## PROBLEM TO WORK ON
Keep to one stretch of the data below, the lines from the one with "On April 12, KiB" up to and including the one with "算数科「あまりのあるわり算」", and return that stretch exactly.

## MATERIAL SUPPLIED
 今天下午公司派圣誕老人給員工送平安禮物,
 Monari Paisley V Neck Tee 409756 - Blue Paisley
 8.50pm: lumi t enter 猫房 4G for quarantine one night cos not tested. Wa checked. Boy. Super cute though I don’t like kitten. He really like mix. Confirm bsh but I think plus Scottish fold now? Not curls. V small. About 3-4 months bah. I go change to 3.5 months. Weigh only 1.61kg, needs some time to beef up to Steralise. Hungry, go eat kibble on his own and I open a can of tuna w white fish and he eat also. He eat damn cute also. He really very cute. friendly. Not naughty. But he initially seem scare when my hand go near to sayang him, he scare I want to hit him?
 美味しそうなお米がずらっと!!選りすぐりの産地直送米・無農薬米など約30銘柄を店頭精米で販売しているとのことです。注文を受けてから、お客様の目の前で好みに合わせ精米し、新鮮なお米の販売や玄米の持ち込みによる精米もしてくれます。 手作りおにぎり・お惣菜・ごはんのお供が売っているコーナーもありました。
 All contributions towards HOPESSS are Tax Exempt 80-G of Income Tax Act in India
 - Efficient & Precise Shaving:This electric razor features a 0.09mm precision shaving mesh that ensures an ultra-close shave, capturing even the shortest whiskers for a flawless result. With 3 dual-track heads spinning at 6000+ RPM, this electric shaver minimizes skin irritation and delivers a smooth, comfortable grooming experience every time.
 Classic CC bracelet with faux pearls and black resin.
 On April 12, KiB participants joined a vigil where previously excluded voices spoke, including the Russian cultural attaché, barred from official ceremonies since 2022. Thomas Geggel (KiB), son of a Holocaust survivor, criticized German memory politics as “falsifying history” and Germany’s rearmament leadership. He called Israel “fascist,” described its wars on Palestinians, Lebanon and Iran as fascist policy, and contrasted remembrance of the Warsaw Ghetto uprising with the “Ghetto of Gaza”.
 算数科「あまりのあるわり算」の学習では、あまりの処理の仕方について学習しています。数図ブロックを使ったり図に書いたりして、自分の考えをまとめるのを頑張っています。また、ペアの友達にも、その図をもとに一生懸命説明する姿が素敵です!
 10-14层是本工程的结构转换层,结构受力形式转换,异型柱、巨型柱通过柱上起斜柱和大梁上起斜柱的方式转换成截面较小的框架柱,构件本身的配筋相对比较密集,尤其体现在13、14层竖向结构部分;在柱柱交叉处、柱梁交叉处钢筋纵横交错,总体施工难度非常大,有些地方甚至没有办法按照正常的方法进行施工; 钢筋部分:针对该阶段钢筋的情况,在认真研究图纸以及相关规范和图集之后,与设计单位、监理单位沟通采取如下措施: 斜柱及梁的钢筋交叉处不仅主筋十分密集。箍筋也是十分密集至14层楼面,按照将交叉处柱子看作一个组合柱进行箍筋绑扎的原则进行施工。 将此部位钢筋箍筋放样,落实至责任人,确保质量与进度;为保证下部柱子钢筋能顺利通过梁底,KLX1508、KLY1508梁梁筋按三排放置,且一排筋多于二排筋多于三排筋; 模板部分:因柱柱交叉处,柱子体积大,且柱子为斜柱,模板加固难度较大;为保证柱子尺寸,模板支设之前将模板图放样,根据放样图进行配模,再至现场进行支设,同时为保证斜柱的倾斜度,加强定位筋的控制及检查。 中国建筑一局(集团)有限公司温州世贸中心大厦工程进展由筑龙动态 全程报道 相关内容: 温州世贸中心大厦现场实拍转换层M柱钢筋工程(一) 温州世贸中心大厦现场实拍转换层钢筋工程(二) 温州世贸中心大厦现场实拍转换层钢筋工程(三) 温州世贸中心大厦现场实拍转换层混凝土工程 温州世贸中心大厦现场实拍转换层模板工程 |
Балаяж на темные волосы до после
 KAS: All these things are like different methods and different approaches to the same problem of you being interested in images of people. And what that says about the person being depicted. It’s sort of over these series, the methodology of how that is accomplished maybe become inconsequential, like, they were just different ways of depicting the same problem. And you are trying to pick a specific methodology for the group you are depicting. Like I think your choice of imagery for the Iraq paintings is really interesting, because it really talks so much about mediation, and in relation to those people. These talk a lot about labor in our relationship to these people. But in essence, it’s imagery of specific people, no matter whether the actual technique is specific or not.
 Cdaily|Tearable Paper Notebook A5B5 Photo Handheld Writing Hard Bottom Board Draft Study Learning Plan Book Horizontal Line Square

## RESPONSE TO THIS EXERCISE
 On April 12, KiB participants joined a vigil where previously excluded voices spoke, including the Russian cultural attaché, barred from official ceremonies since 2022. Thomas Geggel (KiB), son of a Holocaust survivor, criticized German memory politics as “falsifying history” and Germany’s rearmament leadership. He called Israel “fascist,” described its wars on Palestinians, Lebanon and Iran as fascist policy, and contrasted remembrance of the Warsaw Ghetto uprising with the “Ghetto of Gaza”.
 算数科「あまりのあるわり算」の学習では、あまりの処理の仕方について学習しています。数図ブロックを使ったり図に書いたりして、自分の考えをまとめるのを頑張っています。また、ペアの友達にも、その図をもとに一生懸命説明する姿が素敵です!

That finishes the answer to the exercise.